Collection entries

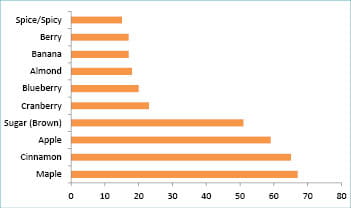 Fruit, spice and berry fruit are the top flavor sub-categories for hot cereal. The top individual flavors were maple, cinnamon and apple. New hot cereal flavors in 2013 and 2014 include: blackberry, coconut and apple pie. Nut flavors were among the top growing flavors, with pecan, almond and walnut growing 50%, 40% and 33% respectively. Flavor combinations of note include: Lean Cuisine Morning Collection Cranberry, Pistachio & Orange Zest Oatmeal and Modern Oats Mango Blackberry All Natural Oatmeal.
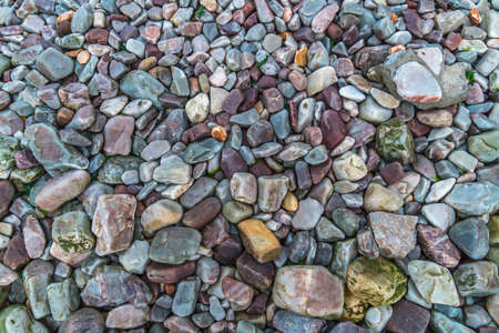 Colorful sea pebbles close-up. Background texture, sea stones in the water.
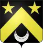 Famille de Hennin de Boussu Walcourt D'or, à la croix engrêlée, accompagnée au premier canton d'un croissant, le tout de gueules.[68]
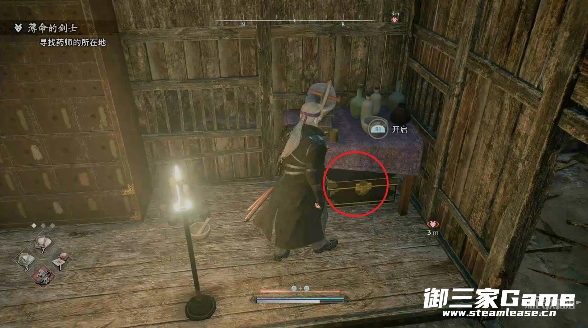 拾取右侧桌子上的西方药瓶即可进入剧情,剧情结束完成此任务。
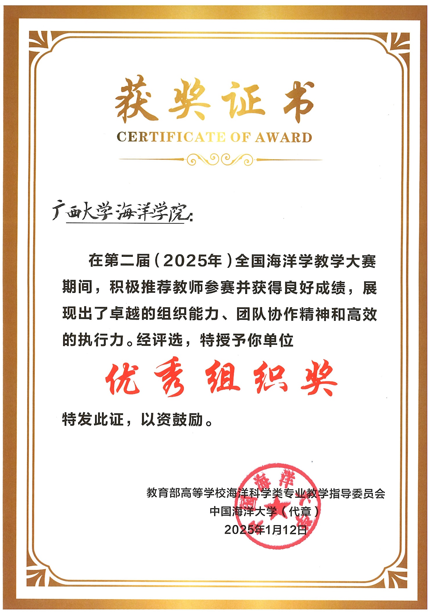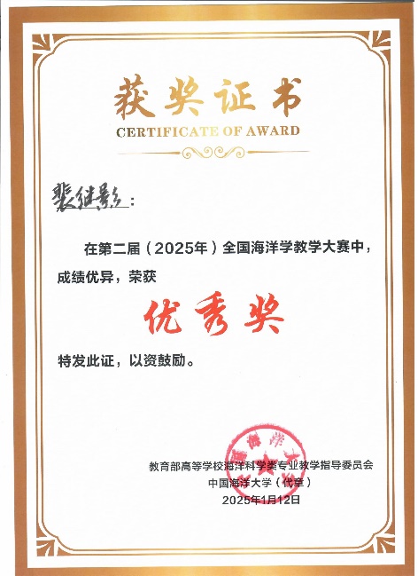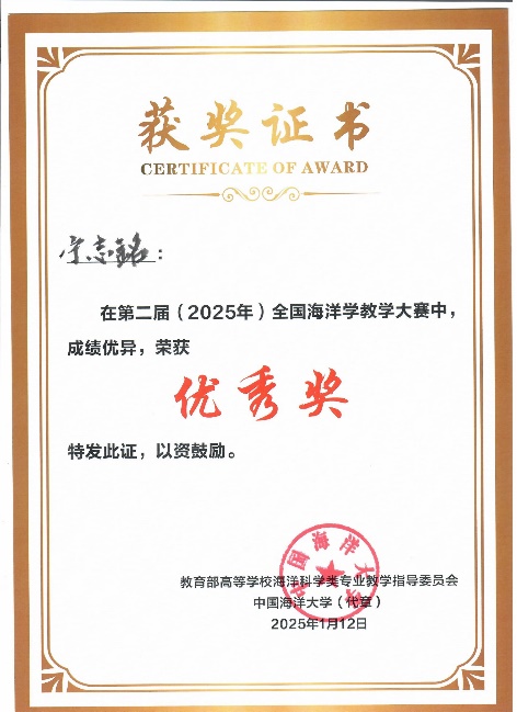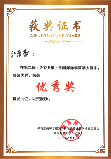2025年1月11-12日,在永利集团304举办的第二届(2025)全国海洋学教学大赛中,公司黄雯老师获得二等奖,裴继影、宁志铭和江蕾蕾分别获得优秀奖,公司荣获“优秀组织奖”。
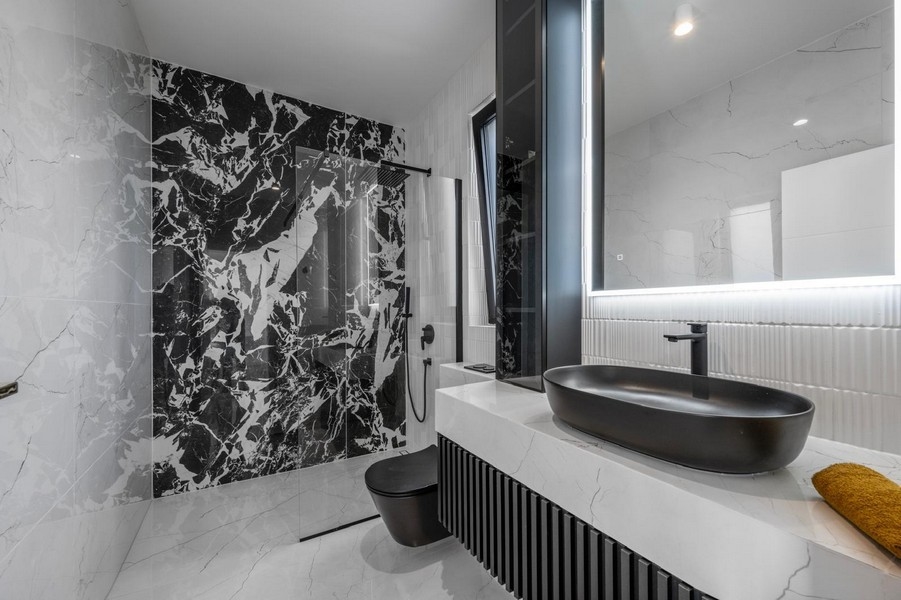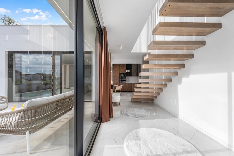 Ez az ingatlan egy modern, új építésű villa úszómedencével és tengerre néző kilátással egy csendes helyen, Tribunjban, Vodice régióban, Dalmáciában.

*YOUR GOAL:* Reproduce the lines above beginning at the line that contains "Famille de Hennin" and ending at the line that contains "2025年1月11-12日,在永利集团3". No pictures.

*RESPONSE TO THIS TASK:*
 Famille de Hennin de Boussu Walcourt D'or, à la croix engrêlée, accompagnée au premier canton d'un croissant, le tout de gueules.[68]
 拾取右侧桌子上的西方药瓶即可进入剧情,剧情结束完成此任务。
2025年1月11-12日,在永利集团304举办的第二届(2025)全国海洋学教学大赛中,公司黄雯老师获得二等奖,裴继影、宁志铭和江蕾蕾分别获得优秀奖,公司荣获“优秀组织奖”。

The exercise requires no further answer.